The economic impact of the solar industry in Georgia is already substantial, with over $6 billion in total investment and more than 5,000 jobs. Proponents of the CIR program argue that by opening the door to customer-led projects, these numbers could grow exponentially. Furthermore, the program aligns with the federal incentives provided by the Inflation Reduction Act (IRA), which offers significant tax credits for renewable energy projects. By facilitating these projects in-state, Georgia is better positioned to capture federal investment dollars that might otherwise go to states with more flexible energy markets.
Reactions and Stakeholder Perspectives
The response to the CIR program has been largely positive, though some advocates remain cautious. Environmental groups have hailed the program as a victory for market-based decarbonization. By allowing companies to pay for their own "greenness," the program ensures that the costs of these specific projects are not shifted onto residential ratepayers who may not have the same sustainability mandates.
Priya Barua of CEBA emphasized that this model could serve as a blueprint for other states. "It provides an opportunity for the first time for these customers to be able to identify and bring projects to Georgia Power," Barua stated. She noted that the program "accelerates the clean energy projects coming to the system, which would then negate the need for natural gas and other types of generation resources down the road."
From the utility’s perspective, the CIR program offers a way to satisfy its largest and most influential customers while maintaining control over grid integration and reliability. Georgia Power has stated that it remains committed to a "diverse energy mix," but the CIR program acknowledges that the "all-of-the-above" strategy must include a more robust and flexible path for renewables.
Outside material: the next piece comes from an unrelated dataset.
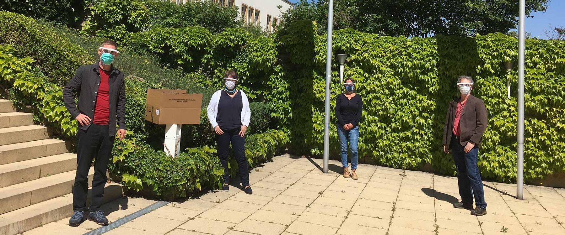 Über die Spende freuten sich bei der Übergabe am 5. Mai Gregor Chittka/Leiter MEDIAN Haus Talblick Bad Dürkheim, Nicole Vergauwe-Straub/Leiterin MEDIAN Albert-Schweizer-Haus Bad Dürkheim, Annemarie Dauer/Leiterin MEDIAN Wohn- und Pflegeheim Pfalzstift Bad Dürkheim und Michael Glaubrecht/Leiter MEDIAN Soziotherapeutisches Zentrum Bad Dürkheim. „Die pflegerische und psychosoziale Versorgung unserer Bewohner kann nur im Face-to-Face-Kontakt erbracht werden“, so die Einrichtungs-Leiterinnen und -Leiter. „Die Face Shields von Xylem geben unseren Mitarbeitenden in Kombination mit dem obligatorischen Mund-Nasen-Schutz zusätzliche Sicherheit.“

Broader Implications and Future Outlook
The success of the Customer-Identified Resource program will likely be measured by the volume of projects proposed in its first year. If major players like Microsoft or Rivian (which is also planning a massive facility in Georgia) utilize the program to build significant renewable capacity, it could fundamentally alter the long-term energy forecast for the state.
One of the most profound implications of the CIR program is its potential to mitigate the need for new fossil fuel infrastructure. If corporate-funded solar and storage can meet a substantial portion of the new demand from data centers, the "need" for new natural gas turbines—as argued by Georgia Power in recent regulatory filings—may diminish. This would have long-term benefits for the state’s carbon emissions profile and help protect ratepayers from the price volatility associated with natural gas markets.
Furthermore, the CIR program represents a shift toward a more decentralized and democratic energy grid. While the utility still manages the wires and ensures balance, the decision of what to build and where to build it is no longer solely the province of a single corporation or a five-member commission.
As the program opens this summer, the eyes of the energy industry will be on Georgia. If the CIR program proves that corporate capital can effectively and reliably build out a state’s renewable infrastructure, it may become the standard model for regulated utilities across the United States, bridging the gap between the 20th-century utility structure and the 21st-century’s urgent climate goals.